= DATASET RECORDS =
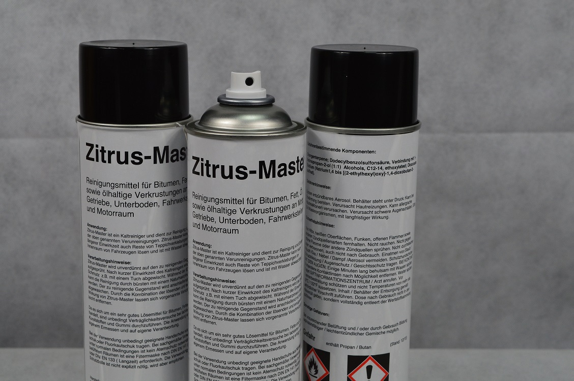Zitrus-Master ist ein Kaltreiniger und dient zur Reinigung und Entfernung der vorgenannten Verunreinigungen.
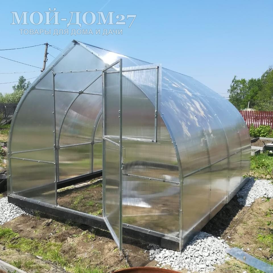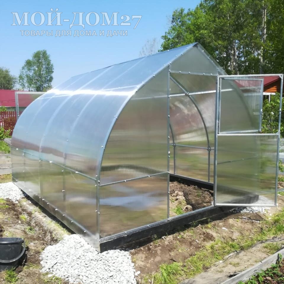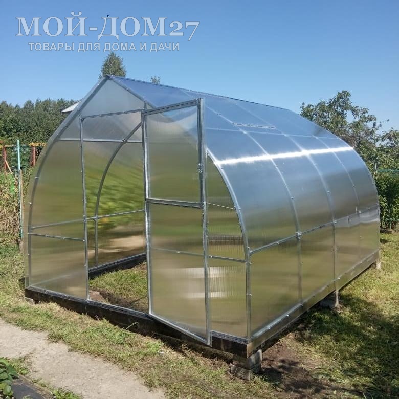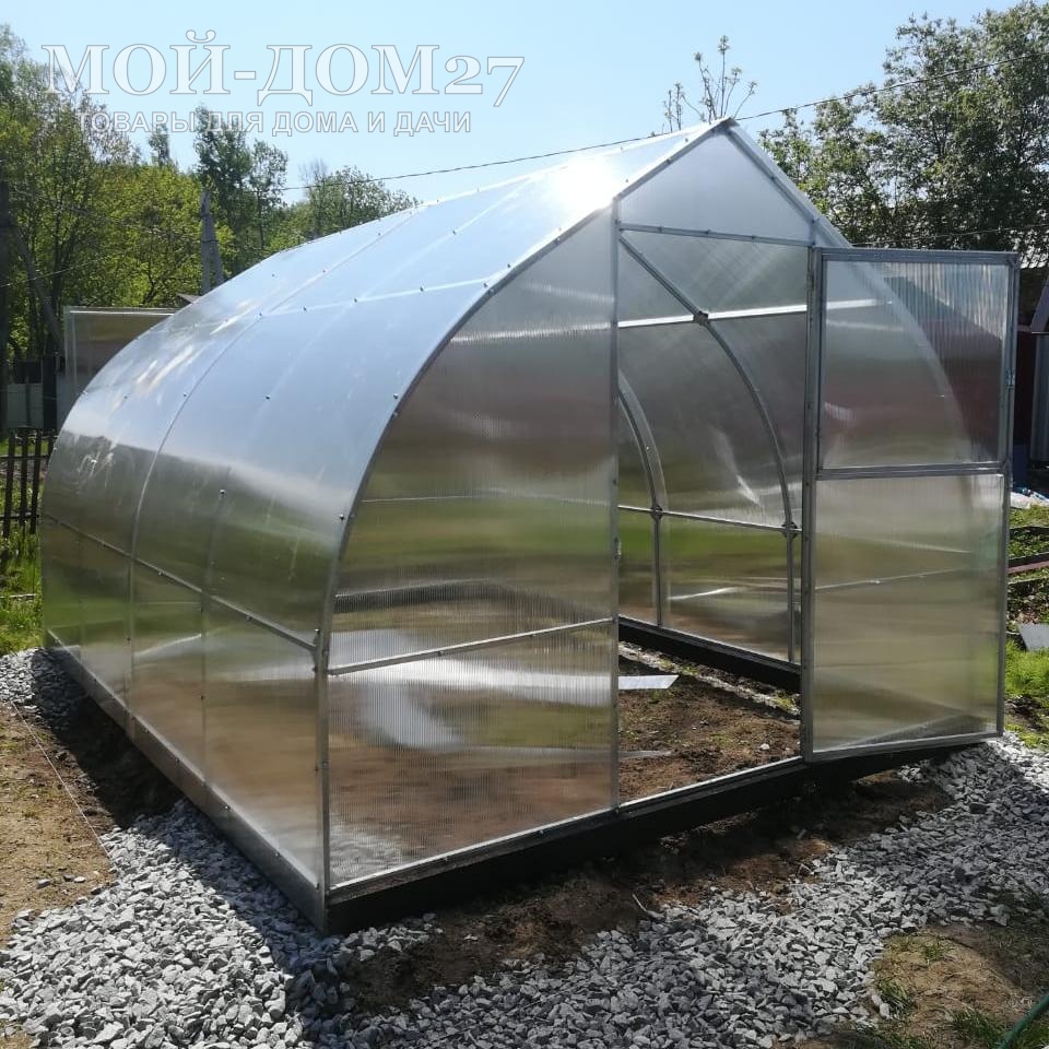 В каждом торце теплицы есть дверь и форточка для проветривания (две двери и две форточки). Ширина двери – 860 мм. Размер форточки в дверях: 805х765 ммВ комплект входит сотовый поликарбонат, разработанный специально для теплиц.
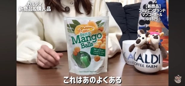 もともとカルディで販売しているドライマンゴーが、丸いひと口サイズになった新商品!
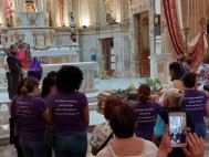 En la Basílica de Zapopan, en punto de las 12 horas, llegaron con ropa morada, globos y flores para dar la despedida a Luz Raquel
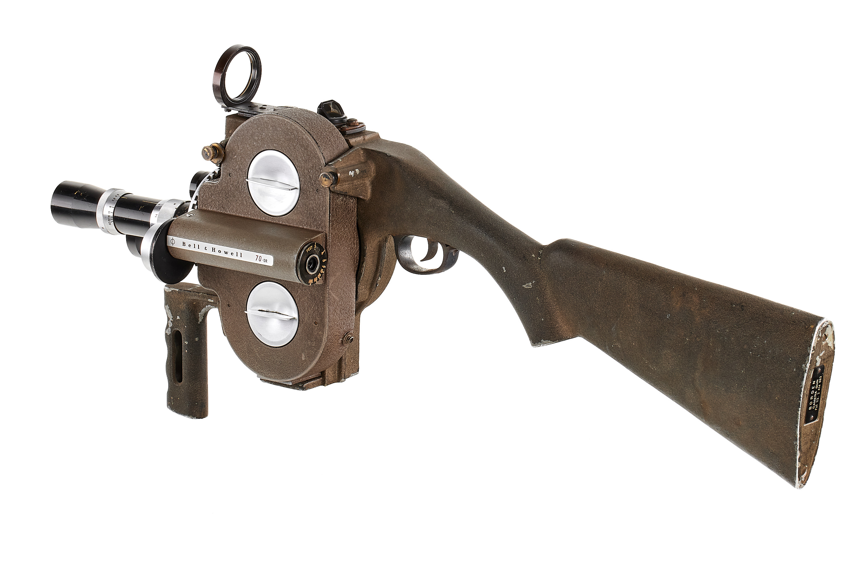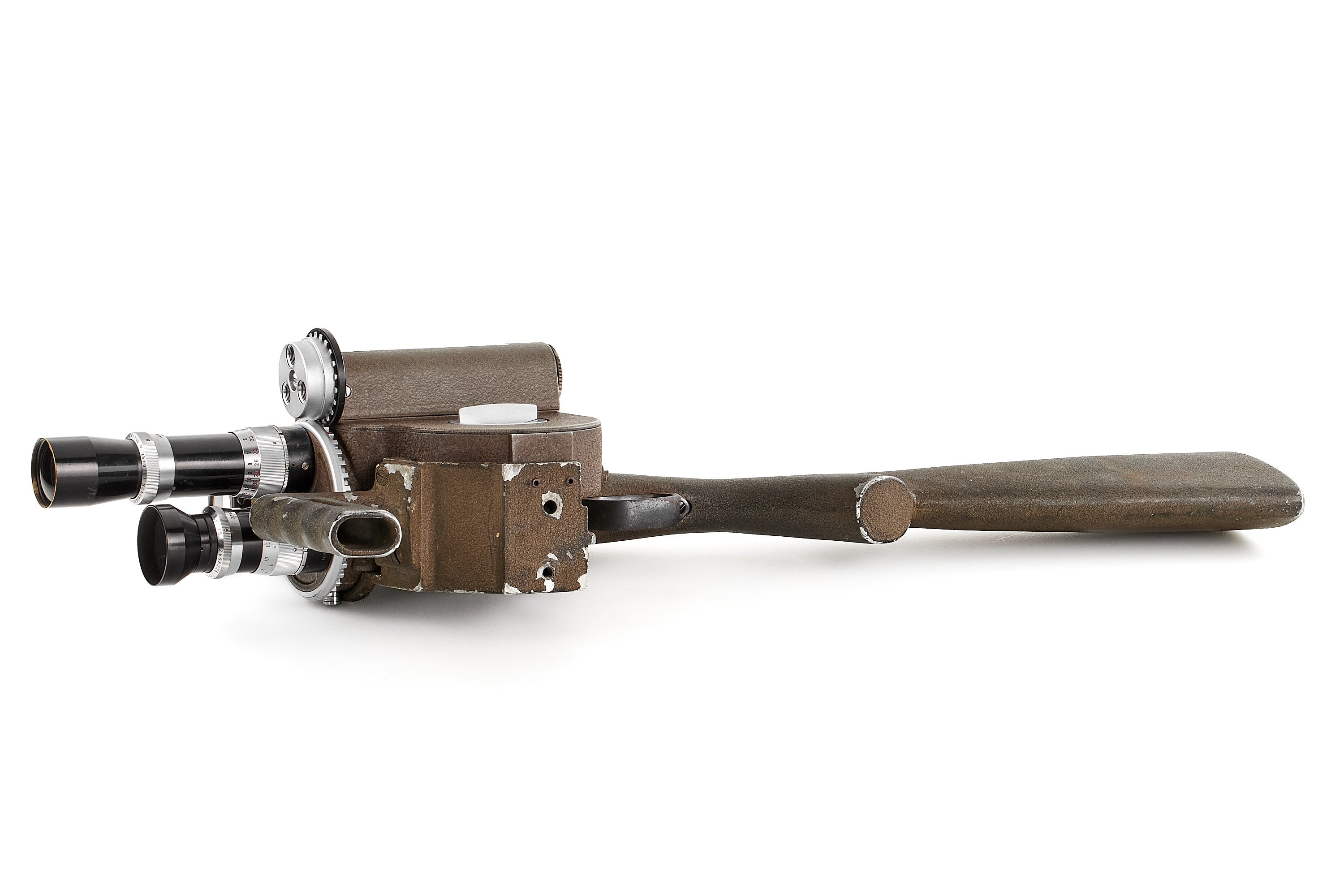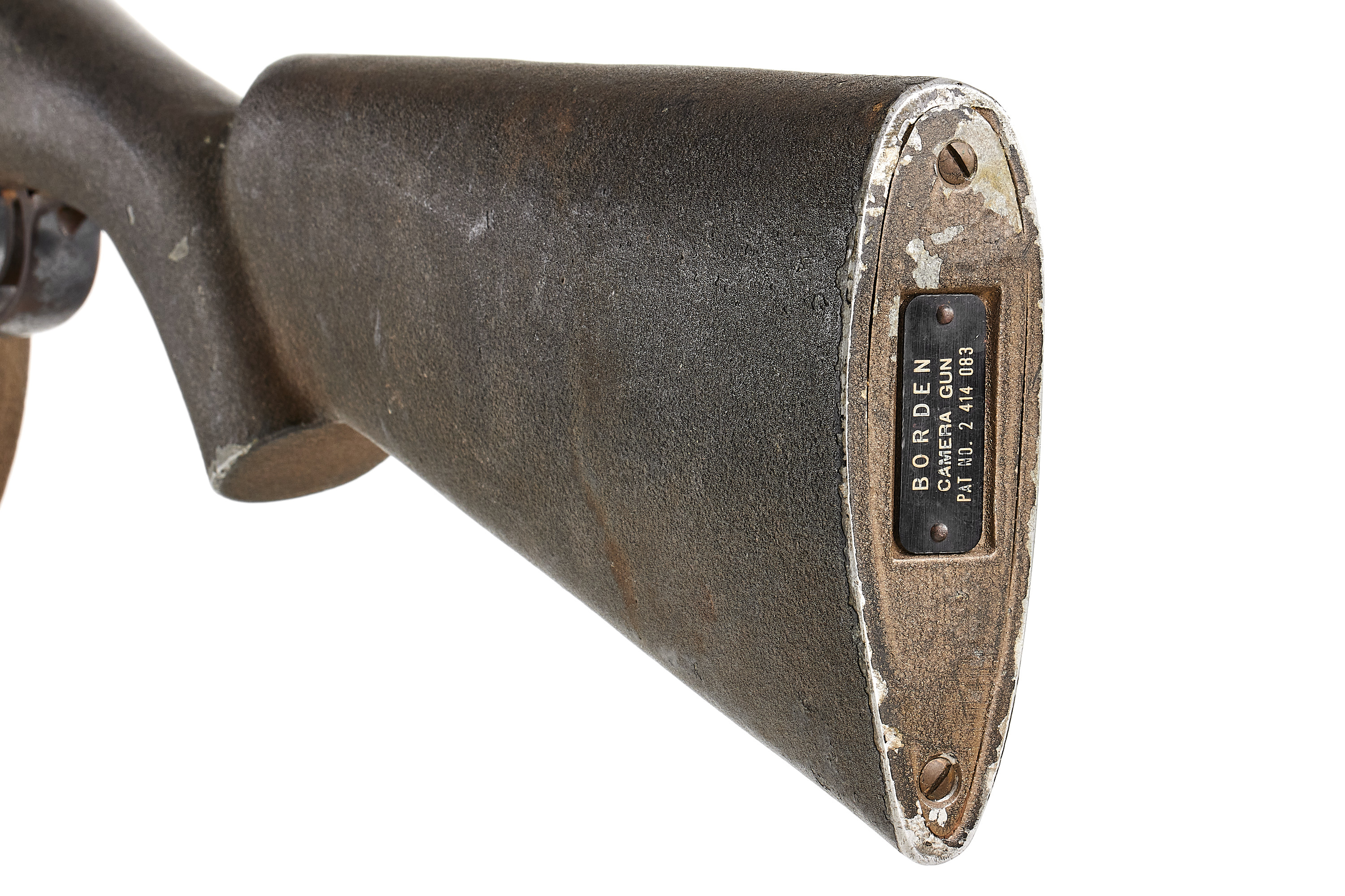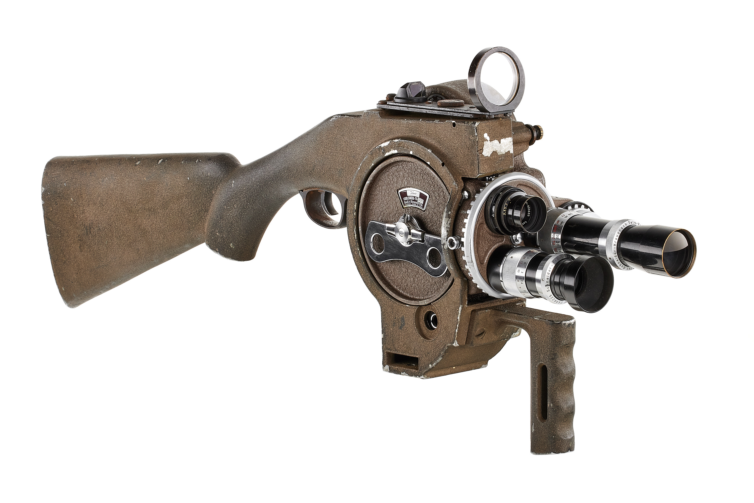 An extremely rare, US-made gun stock to use with Bell & Howell motion picture cameras. In fine, working condition, including a special Nydar sight, and a B&H 70 DR camera equipped with three lenses: Tessar 2.7/2.5cm no.905633, Tele-Xenar 3.8/75mm no.2696225 and Tele-Xenar 4.5/150mm no.2510761, as well as a copy of an advertisement from the late 1940s. This is the only example of the Borden Camera Gun we have seen!

= WORK REQUIRED =
An exact copy of all entries is needed, with no pictures in it.

= RESULT OF THE TASK =
Zitrus-Master ist ein Kaltreiniger und dient zur Reinigung und Entfernung der vorgenannten Verunreinigungen.
 В каждом торце теплицы есть дверь и форточка для проветривания (две двери и две форточки). Ширина двери – 860 мм. Размер форточки в дверях: 805х765 ммВ комплект входит сотовый поликарбонат, разработанный специально для теплиц.
 もともとカルディで販売しているドライマンゴーが、丸いひと口サイズになった新商品!
 En la Basílica de Zapopan, en punto de las 12 horas, llegaron con ropa morada, globos y flores para dar la despedida a Luz Raquel
 An extremely rare, US-made gun stock to use with Bell & Howell motion picture cameras. In fine, working condition, including a special Nydar sight, and a B&H 70 DR camera equipped with three lenses: Tessar 2.7/2.5cm no.905633, Tele-Xenar 3.8/75mm no.2696225 and Tele-Xenar 4.5/150mm no.2510761, as well as a copy of an advertisement from the late 1940s. This is the only example of the Borden Camera Gun we have seen!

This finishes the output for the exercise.